Kisah Kruyt Menuju Donggala

 

FOTO: A.C. Kruyt bersama istri dan anaknya. Anaknya yang berdiri di belakang adalah Jan Kruyt yang meneruskan misinya. FOTO: Tropen Museum 

Etnolog sekaligus misionaris, Albert Christiaan Kruyt, dalam perjalanannya dari pedalaman Poso menuju Donggala pada awal tahun 1916, menulis sebuah catatan perjalanan, yang kemudian dimuat dalam Maandbericht Van Het Nederlandsch Zendelinggenootschap atau Pesan Bulanan Dari Masyarakat Misionaris Belanda (NZG), edisi 1 Oktober 1916. Catatan perjalanan ini diberi judul Een reis naar Donggala atau Perjalanan ke Donggala.
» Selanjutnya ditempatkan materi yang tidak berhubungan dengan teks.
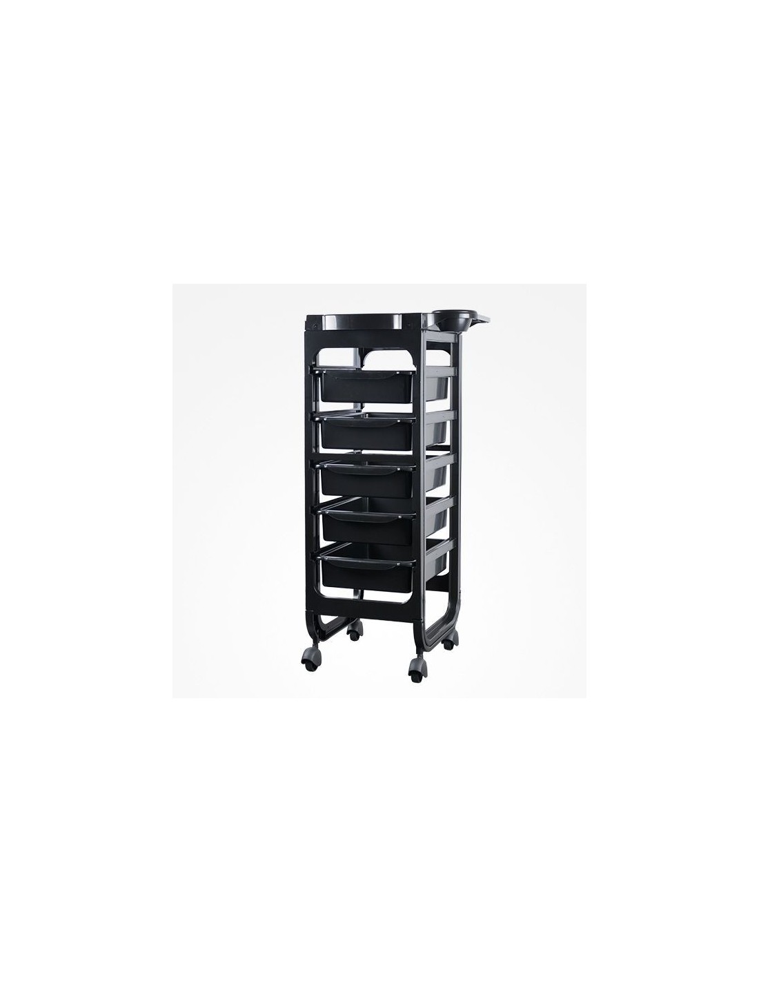 Ruedas silenciosas. 5 cajones extraíbles. Bandeja superior con soporte para el secador.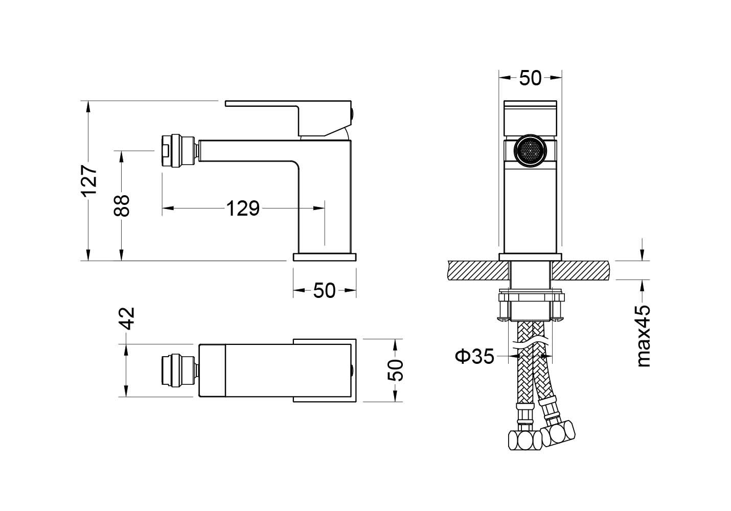• Высота смесителя: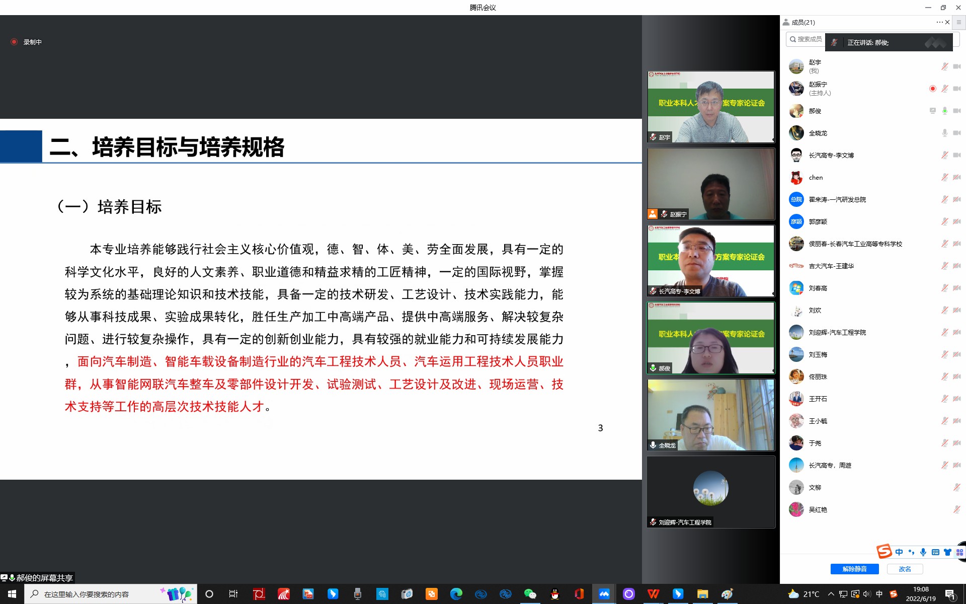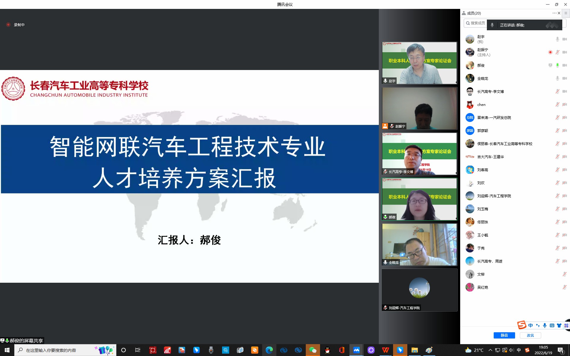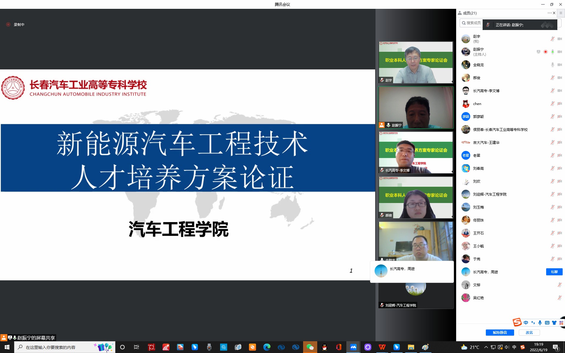 2022年6月19日星期日,汽车工程学院院长赵宇,副院长李文博,新能源汽车技术专业主任赵振宁,汽车智能技术专业主任郝俊,吉林大学专家刘玉梅和王建华,大连奥迪培训中心技术总监全晓龙,一汽研发总院的高级工程师翟来涛,一汽红旗工艺部的刘春高等人,通过线上会议形式对所建职业本科新能源汽车公车技术专业和智能网联汽车工程技术专业展开线上人才培养方案论证研讨会。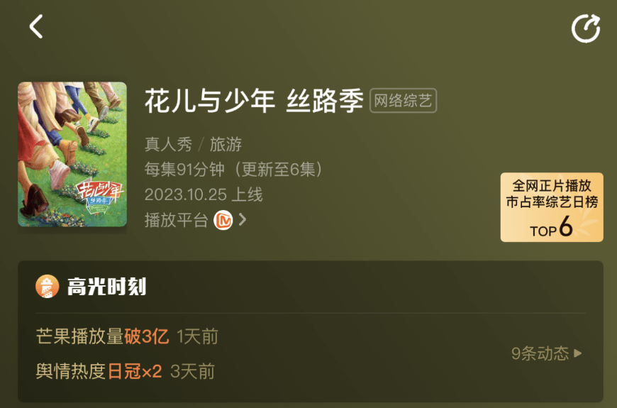 10月26日,芒果新综艺《花儿与少年·丝路季》开播,刚开播三天的热搜,就比其他节目一个月都多。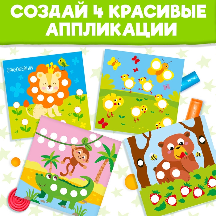 Книга для аппликации пластилином направлена на развитие моторики, внимательности и аккуратности у малышей.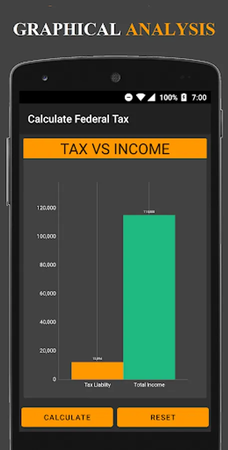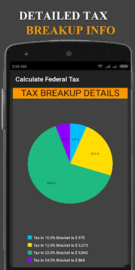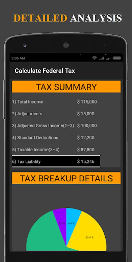 Federal Tax Calculator shows detailed graphical analysis along with tax breakup details after computing Income Tax.

Kruyt memulai catatan perjalanan ini dengan menyebut, kado terindah pada perayaan 25 tahun pernikahannya, adalah kabar bahwa putranya, Johannes “Jan” Kruyt, yang akan datang ke Sulawesi pada tahun ini, telah bertunangan. Menurutnya, jika seorang misionaris menemukan istri yang baik, maka hal itu adalah kompensasi untuk banyak kekecewaan dan kesedihan yang dia alami dalam pekerjaan, juga memberi kekuatan berlipat ganda. Oleh karena itu, dirinya tidak terkejut jika Bala Keselamatan dan sejumlah Lembaga Misi Inggris dan Amerika, memasukkan istri misionaris di antara para pekerja mereka.
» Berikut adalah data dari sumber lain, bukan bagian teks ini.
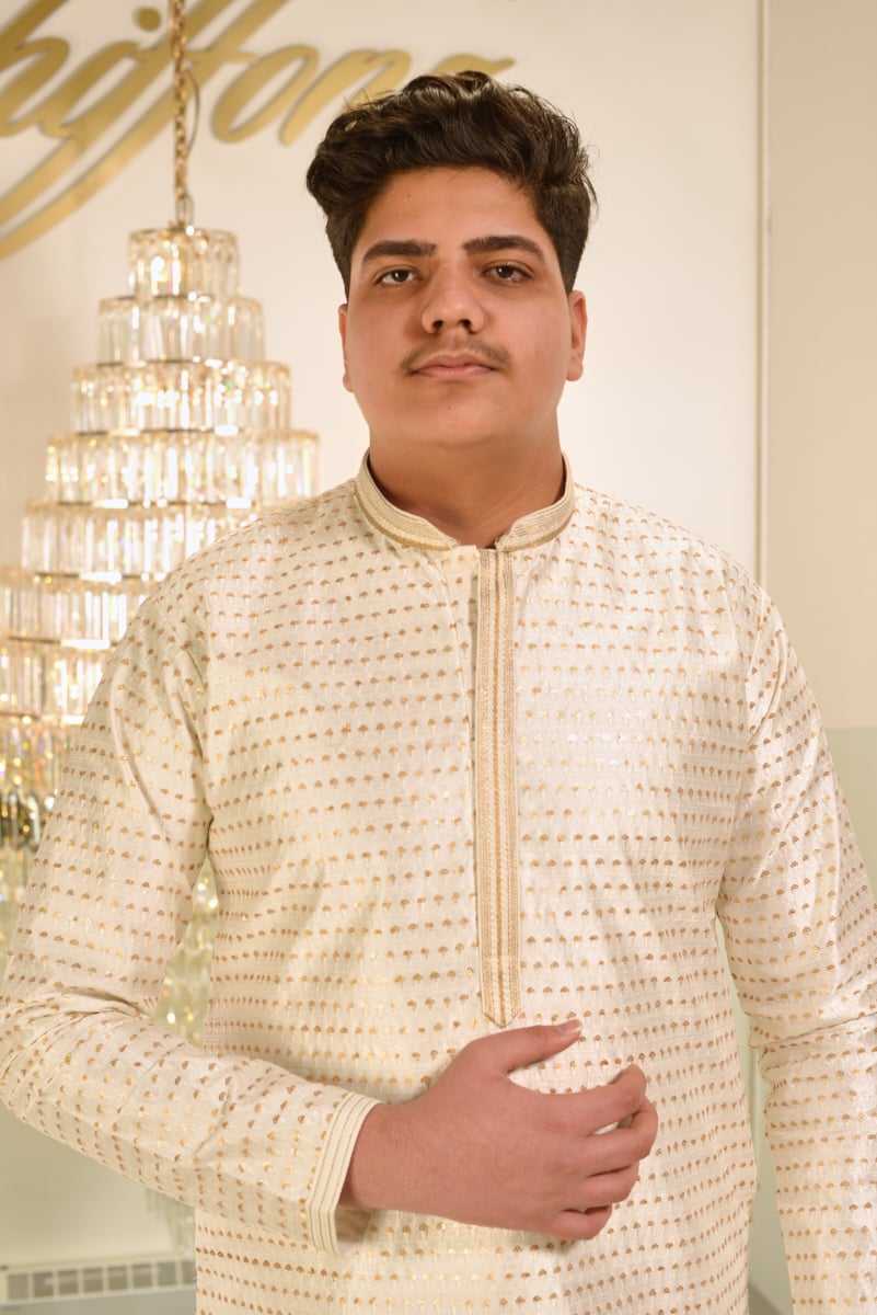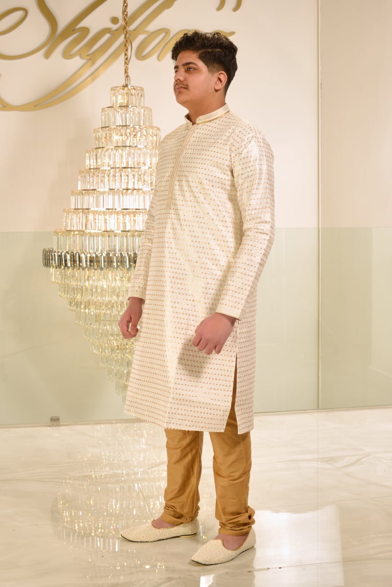 This beautiful 2 piece men’s suit features a kurta with gold sequence embellishments on the front along with an embroidered mandarin collar and comes with full length embroidered sleeves. The look is finished with a contrasted dupion silk churidaar.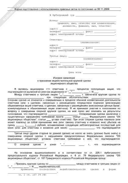 - 658Исковое заявление о признании недействительной крупной сделки акционерного общества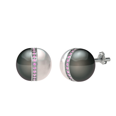 Siyah inci, inci ve pembe kuvars 18 ayar beyaz altın küpe

Namun menurut Kruyt, kabar bahagia ini mengharuskannya untuk melakukan perjalanan ke Donggala, ibu kota Afdeeling Midden Celebes. Kata dia, untuk perkawinan anaknya, diperlukan akta notaris, di mana Kruyt bersama istrinya memberikan izin untuk masuk ke dalam serikat itu.

Notaris sendiri kata dia, tidak akan ditemukan di luar ibu kota. Namun, mengingat jarak yang sangat jauh di Hindia Belanda, pemerintah telah membuat ketentuan, para kepala afdeeling, jika mereka adalah Asisten Residen, juga memenuhi fungsi notaris. Bagi Kruyt, Donggala adalah tujuan terdekat untuk mengakses notaris.

Kruyt mengatakan, sudah menjadi keluhan umum, bahwa dokumen notaris yang berasal dari Hindia Belanda, biasanya dikritik di Belanda. Dirinya juga pernah mengalami hal ini, di mana pihak pemerintah di Nijmegen, menolak mengakui pernikahannya. Keputusan Pengadilan Distrik diperlukan untuk menertibkan masalah itu, setelah itu semuanya bisa berjalan seperti biasa.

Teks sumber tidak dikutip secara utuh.